The Law Commission of Ontario (LCO) is a partnership between the Attorney General, Ontario’s six law schools, the Law Foundation of Ontario and the Law Society of Upper Canada. Its function is to recommend law reform measures to enhance the legal system’s relevance, effectiveness and accessibility; improve the administration of justice through the clarification and simplification of the law; consider the use of technology to enhance access to justice; stimulate critical legal debate; and study areas that are underserved by other research. Pursuant to this mandate, the LCO has initiated a project on the division of pensions upon marriage breakdown, an area in respect of which there is seemingly unanimous agreement that the law is in a highly unsatisfactory state.[1]

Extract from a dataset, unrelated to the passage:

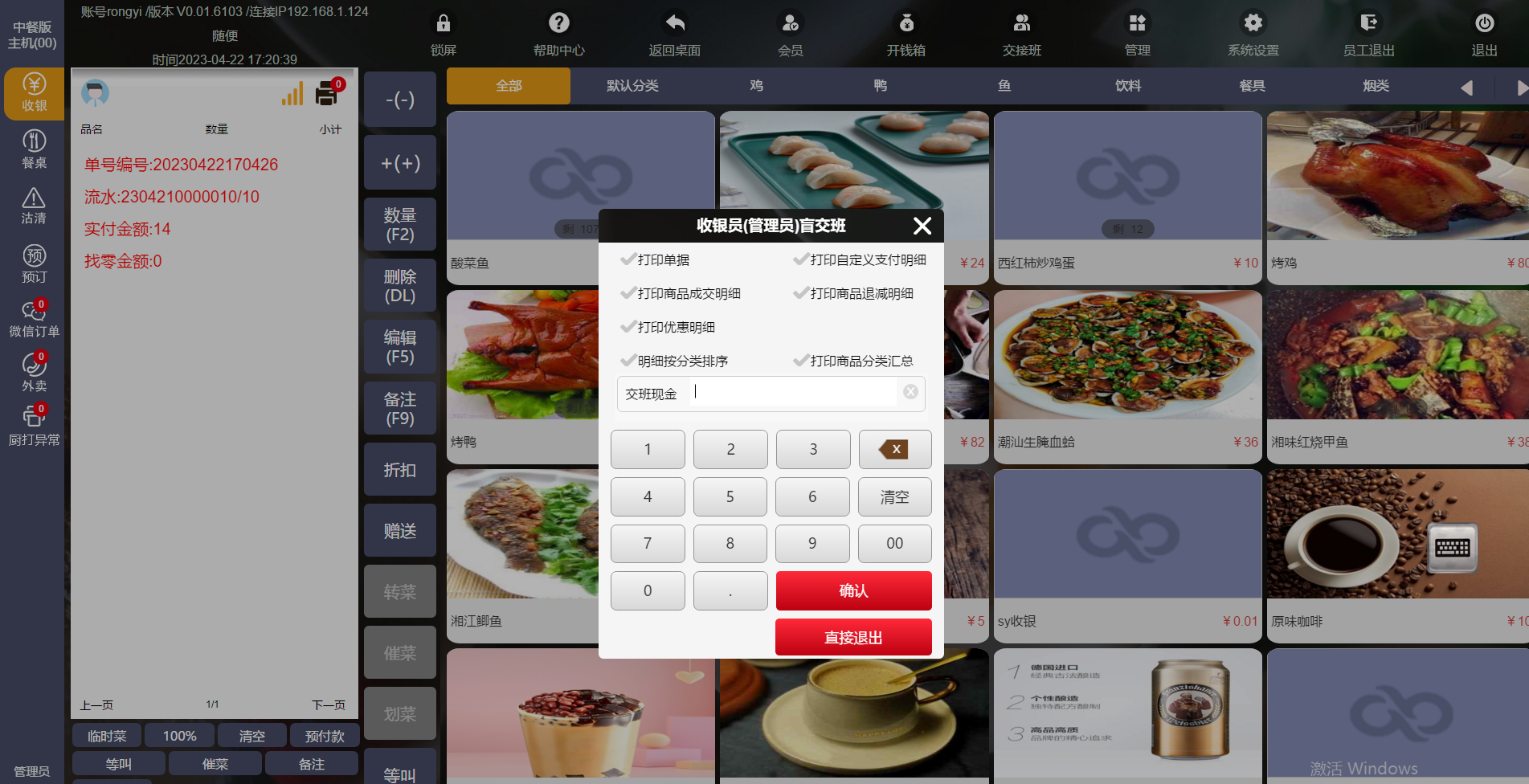 配置生效后再返回前台点击交班就已经不显示营业额度了

The purpose of this Consultation Paper is to solicit input. It provides a brief overview of the problems that exist under the current state of the law, canvasses some possible legislative responses and notes some of the issues that will need to be addressed as part of any reform efforts. The Consultation Paper is not intended to be exhaustive, nor is it meant to preclude the advancement of potential solutions other than the ones discussed here; indeed, the LCO looks to the stakeholders and their expert knowledge to assist it in ensuring that all the relevant issues are identified and that the problems that now exist are resolved in the most appropriate way.

This Consultation Paper will be distributed to stakeholders for comment, as well as posted on the LCO website. Based on the LCO’s independent research, including the responses to this Paper, the LCO will prepare recommendations for legislative action.